Kirari me acomodaba unos mechones rebeldes detrás de la oreja. No me quitaba la vista de encima ni borraba aquella sonrisa amable que ya tenía reservada solo para mí.
—Algún día encontraré una palabra que le haga justicia a lo que siento por ti. Pero hasta que ese día llegue..., tendré que demostrarte mi amor así.
Presionó mi boca, luego me dio un beso suave en el cuello. Yo apretaba los ojos a medida que aquel acto dulce comenzaba a convertirse en una mordida. Ella clavaba los dientes en mi cuello sin compasión. Era como si quisiera arrancarme la piel.
—D-Duele... ¿Qué haces? Vas a dejarme una marca.
—Lo sé.
Poco tardaron esos labios fogosos en emprender una caminata lenta por mi torso hasta el pecho izquierdo. Yo estiraba el cuello al sentir cómo jugaba con el pezón, lamiéndolo y succionándolo hasta dejarlo brillante. Más abajo, luego, también me hizo brillar.
En menos de cinco minutos me dejó el cuerpo lleno de marcas. Algunas eran demasiado visibles, lo suficiente como para tener que taparlas después con un pañuelo en el cuello. Qué infantil es, pensaba dejándome llevar por ella. Nunca había hecho eso, marcarme como un animal en un lugar tan visible. Solía hacerlo en otros donde solo ella gozaba de la vista y donde el uniforme se encargaba a la perfección de protegerme de la vergüenza. Pero esto... ¿Esa era una de sus tantas formas de decirme "Te amo"? Más bien parecía estar marcando territorio.
La escucho reír por lo bajo entre mis piernas. Estuvo a punto de caerse del sofá. Yo también me veo tentada por ello, pero ella no me permite reírme. Cuando estoy a punto de hacerlo, incrusta los dientes en uno de mis muslos haciéndome soltar un quejidito en su lugar.
«De verdad..., qué infantil»
Contrario a lo salvaje que está siendo ahora mismo, no creo que ella sea consciente de lo romántica que fue antes, de lo mucho que aceleró mi corazón al decirme que ninguna frase refleja lo que siente por mí. Ella profesa aquel amor como si fuera uno inalcanzable, el más fuerte de todos. Y yo le creo. Porque nuestra relación es especial, siempre lo fue. Siempre fuimos la cura para la otra. La compañía mutua, desde el principio, actuó como una poción mágica. Era cuestión de tomarla para sentirnos desconectadas del caos que era la academia, su vida, mi vida, todo. En este despacho nosotras construimos nuestro propio mundo, y ahora se está expandiendo fuera de él. Hoy puedo decir que me siento en casa cuando estoy con ella. A gusto. Somos tal para cual.
Y al mismo tiempo somos totalmente diferentes.
La Kirari que ella me quiere mostrar… deseo conocerla ya. Aunque creo que ya la estoy conociendo.

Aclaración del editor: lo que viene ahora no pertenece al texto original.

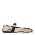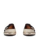 The Glide Slippers shine with gold printed lambskin leather and a silver metal buckle.

Aquí, en el sofá del despacho, al asecho de ser emboscadas en cualquier momento, con ella riéndose sobre mí desnuda y usando mi coleta como un bigote, vi a la verdadera Kirari. Y resultó ser, ni más ni menos, que una niña.
Solo eso.
Una simple niña que quiere jugar y que, por mucho tiempo, se sintió sola e incomprendida.
La verdadera Kirari no era mi opuesto, era igual que yo.
Para opuestos ya existían la presidenta y su secretaria. Para iguales, existirían Kirari y Sayaka.